→ Exercise requirements:
The reply should consist of one number, which is how many lines in the material below contain "Kangaroo".

→ Record set:
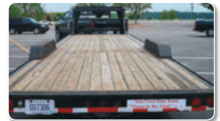
Bumper sticker with red letters on white vinyl.

Circle the color for each sign or fill in the blank.
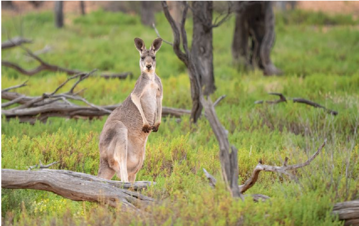
Red Kangaroo (female)

Today we visited Eulo Bore once more to try and have even more success. The morning was indeed a bit slower but we added; Pink Cockatoo , Little Eagle , Striped Honeyeater , Singing Honeyeater and Red Kangaroo to our growing list.
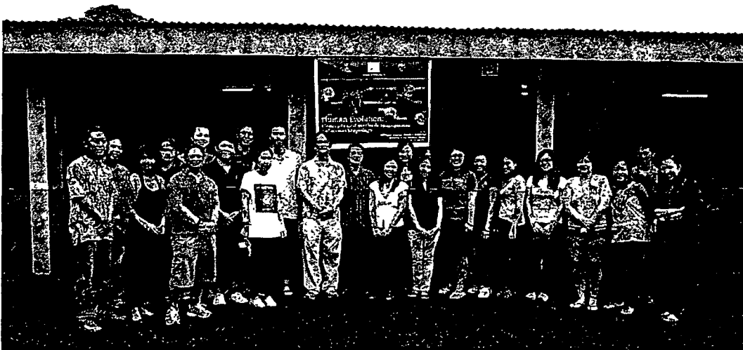
UP ASP Faculty with participants to the Palaeoanthropology Workshop
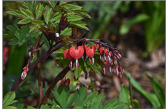
Valentine Bleeding Heart flowers

Valentine Bleeding Heart will grow to be about 30 inches tall at maturity, with a spread of 28 inches. When grown in masses or used as a bedding plant, individual plants should be spaced approximately 24 inches apart. It grows at a medium rate, and under ideal conditions can be expected to live for approximately 15 years. As an herbaceous perennial, this plant will usually die back to the crown each winter, and will regrow from the base each spring. Be careful not to disturb the crown in late winter when it may not be readily seen! As this plant tends to go dormant in summer, it is best interplanted with late-season bloomers to hide the dying foliage.
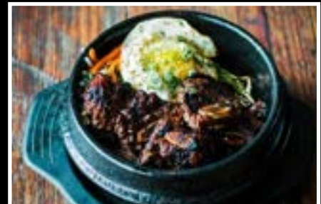
GALBI BIBIMBAP | 24

rice in hot stone pot with mixed vegetables, korean bbq short ribs & fried egg on top
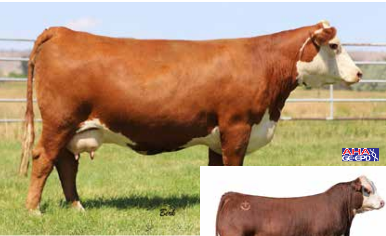
Mohican Rose 96G ET Dam of Lots 3 and 5
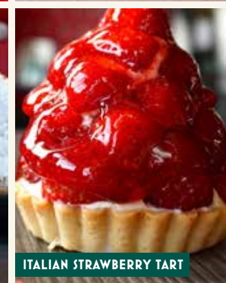
ITALIAN STRAWBERRY TART
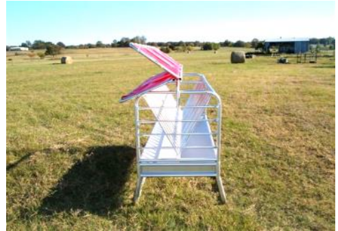
GFHD8 - Rain Canopy opens up
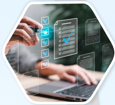
Business Process Automation Solutions
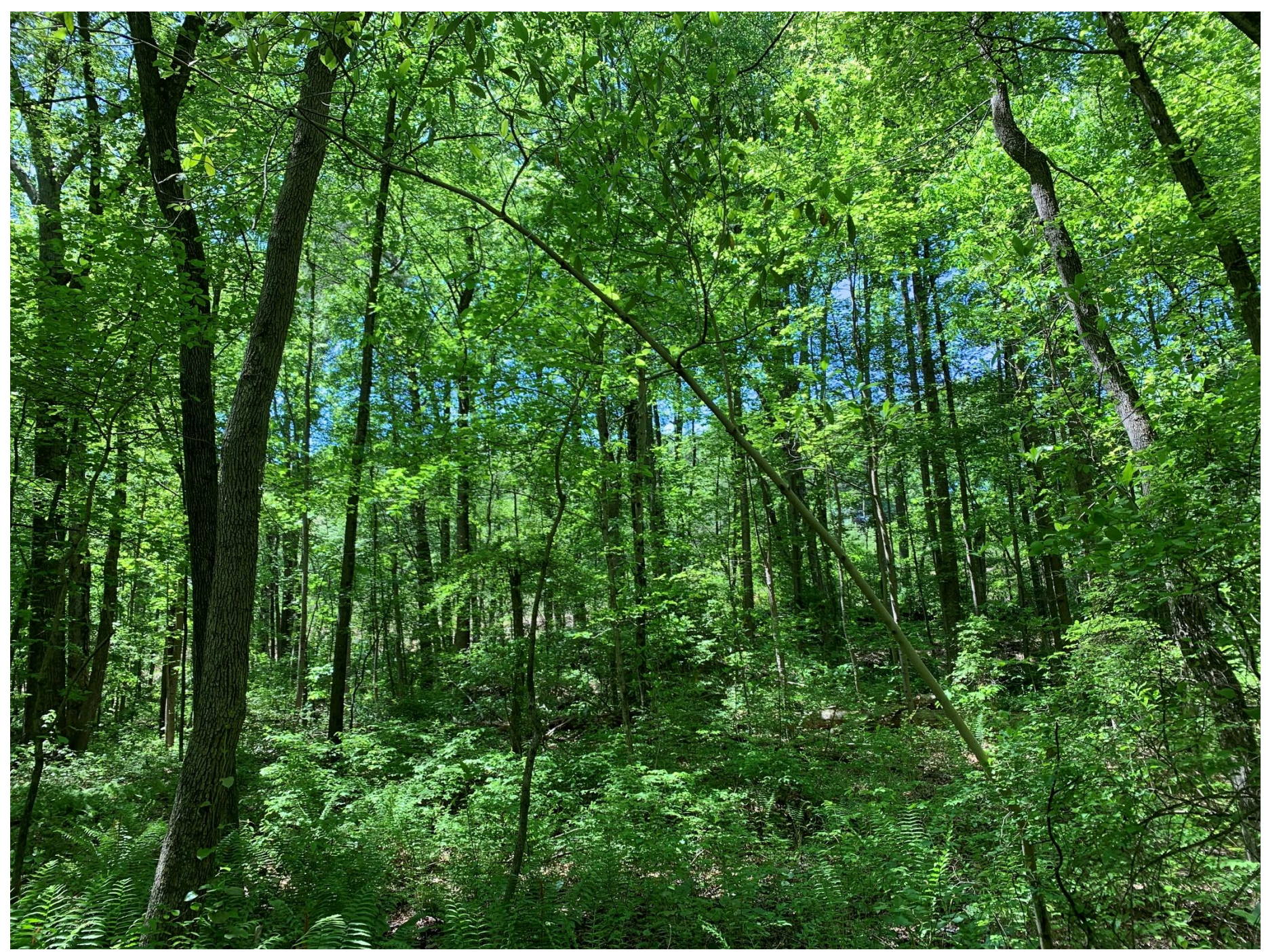
Sweetbay Magnolia, a rare wetland species, with its characteristic leaning slender trunk
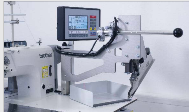
The swivel-out folding station enables easy access for set-up and service work
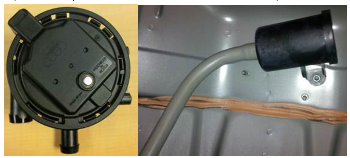
Figure 1. NVLD pressure sensor (left) and NVLD filter (right).
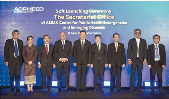
PICTURED ABOVE: ASEAN CENTER FOR PUBLIC HEALTH EMERGENCIES AND EMERGING DISEASES (ACPHEED)

ASEAN COORDINATING CENTRE FOR HUMANITARIAN ASSISTANCE ON DISASTER MANAGEMENT (AHA CENTRE) As the home of One ASEAN One Response, AHA Centre facilitates ASEAN Collective response to disasters in the ASEAN region. Through JAIF projects, Japan has supported the establishment of an integrated information and communication technology (ICT) system and the Disaster Emergency Logistic System for ASEAN (DELSA), capacity building of the ASEAN-Emergency Response and Assessment Team (ASEAN-ERAT), and the AHA Centre Executive (ACE) Programme continuously.
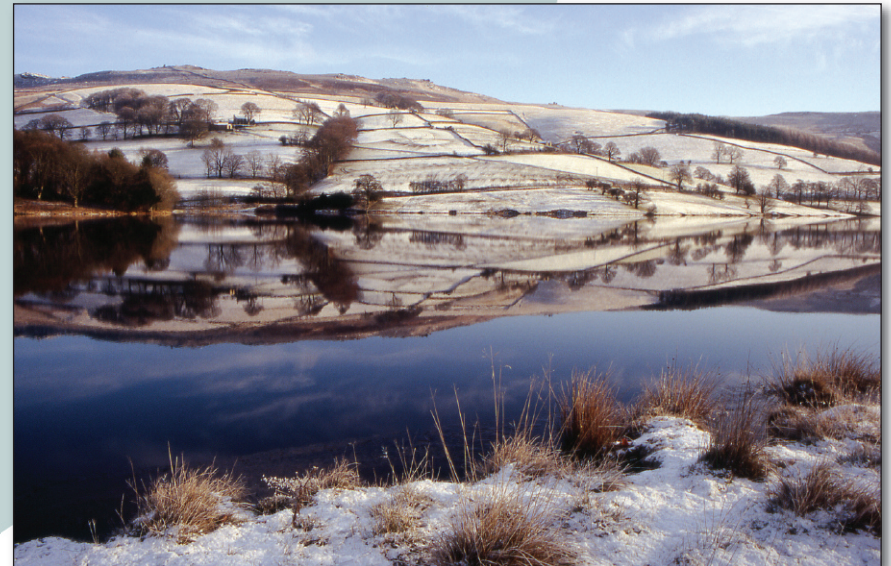
The snowy hills around Ladybower Reservoir are perfectly reflected in the water.

→ Reply to the task:
2